Segment Start: Dataset records

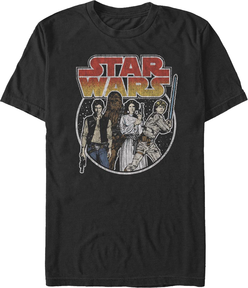 This Star Wars t-shirt features an image of the heroic characters Han Solo, Chewbacca, Princess Leia, and Luke Skywalker.
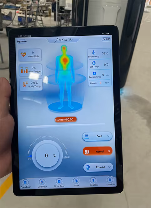 The remote control allows you to easily operate and customize the settings of the cryotherapy chamber from a distance, making it convenient to use.
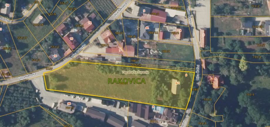 Građevinsko zemljište, Samobor, Velika Rakovica, 8234 m2, struja, vodovod, plin, povezano sa dvije asfaltne ceste, škola i dječji vrtić cca 150 m, autobusna stanica cca 250 m, cca 2,3 km do centra Samobora, na parceli se nalaze 3 građevinska Objekta koji nisu u upotrebi.
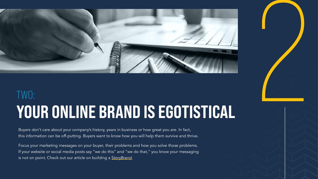Your competitors are out-performing you and they are stealing your leads. Online marketing is a competitive game more akin to battleship than hide-and-seek. You are competing directly with your competitors, whether you know them or not. • Identify who your target customers are and what their pains are in relation to your brand. Then, identify where they go to learn about how they will solve these problems. • Focus a majority of your sales and marketing efforts and budget on the most productive channels and seek to dominate that channel (i.e., content, social media, search engine optimization, email, paid advertising, etc.) • Consider a multichannel approach. Attract the right buyers with engaging content through inbound marketing, seek and hunt your target audience through outbound marketing and target and engage large accounts through account-based marketing (ABM). You need to be relevant to your buyers when they are researching how to solve their problems.
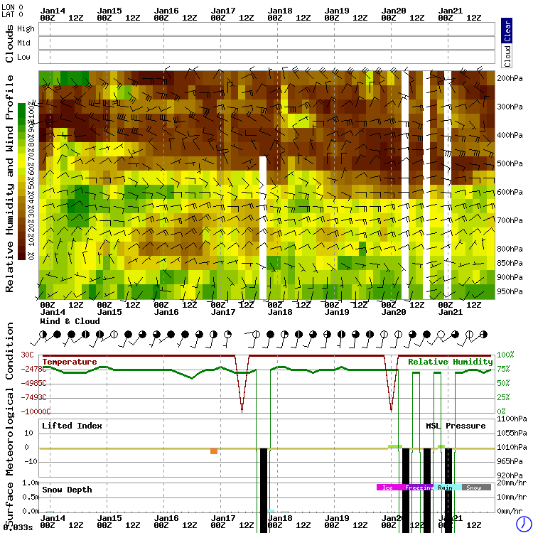 Bedingungen in der freien Atmosphäre für die Kuffner Sternwarte nach dem GFS Modell
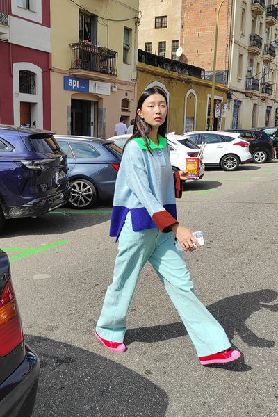 Jersey de corte recto oversize de base color azul. Manga caída y acabado en bajo asimétrico color azul marino con corte lateral. Presenta un cuello XL tipo camisa en color verde flúor con cierre de botón frontal. Los puños amplios rematados en color marrón aportan un toque original y vibrante.
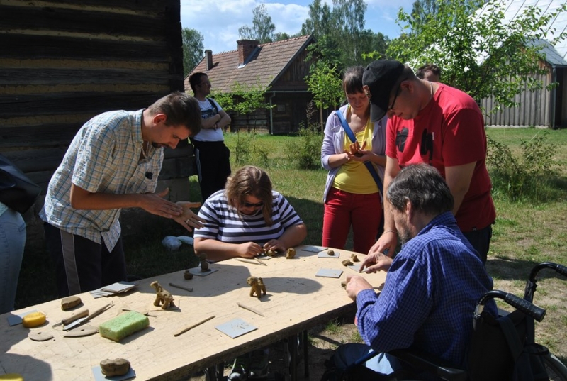 Budynki przedstawione zostały w ich naturalnych relacjach i środowisku podobnym do tego, które im kiedyś towarzyszyło. Uczestnicy WTZ zapoznali się również z pracownią garncarską, dowiadując się, jak działa koło garncarskie, jakie funkcje pełniły różnorodne naczynia gliniane oraz jak je dekorowano. Każdy samodzielnie utoczył na kole garncarskim naczynie.
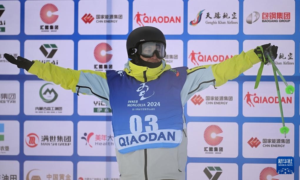 当日,第十四届全国冬季运动会自由式滑雪公开组男子大跳台比赛在内蒙古呼伦贝尔市扎兰屯金龙山滑雪场举行。
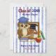 Encantada formatura acadêmica no boné Mortar sentada em alguns livros ao lado de uma fronteira de fotos de conselho de giz. Fundo de faixa azul clara. Substitua a foto e personalize as áreas de texto na frente e atrás.

Segment End: Dataset records

Would you retype exactly the lines running from the line that contains "Budynki przedstawione zostały" through the end of the listing above, both included? Skip every picture.

■ Solution below ■
 Budynki przedstawione zostały w ich naturalnych relacjach i środowisku podobnym do tego, które im kiedyś towarzyszyło. Uczestnicy WTZ zapoznali się również z pracownią garncarską, dowiadując się, jak działa koło garncarskie, jakie funkcje pełniły różnorodne naczynia gliniane oraz jak je dekorowano. Każdy samodzielnie utoczył na kole garncarskim naczynie.
 当日,第十四届全国冬季运动会自由式滑雪公开组男子大跳台比赛在内蒙古呼伦贝尔市扎兰屯金龙山滑雪场举行。
 Encantada formatura acadêmica no boné Mortar sentada em alguns livros ao lado de uma fronteira de fotos de conselho de giz. Fundo de faixa azul clara. Substitua a foto e personalize as áreas de texto na frente e atrás.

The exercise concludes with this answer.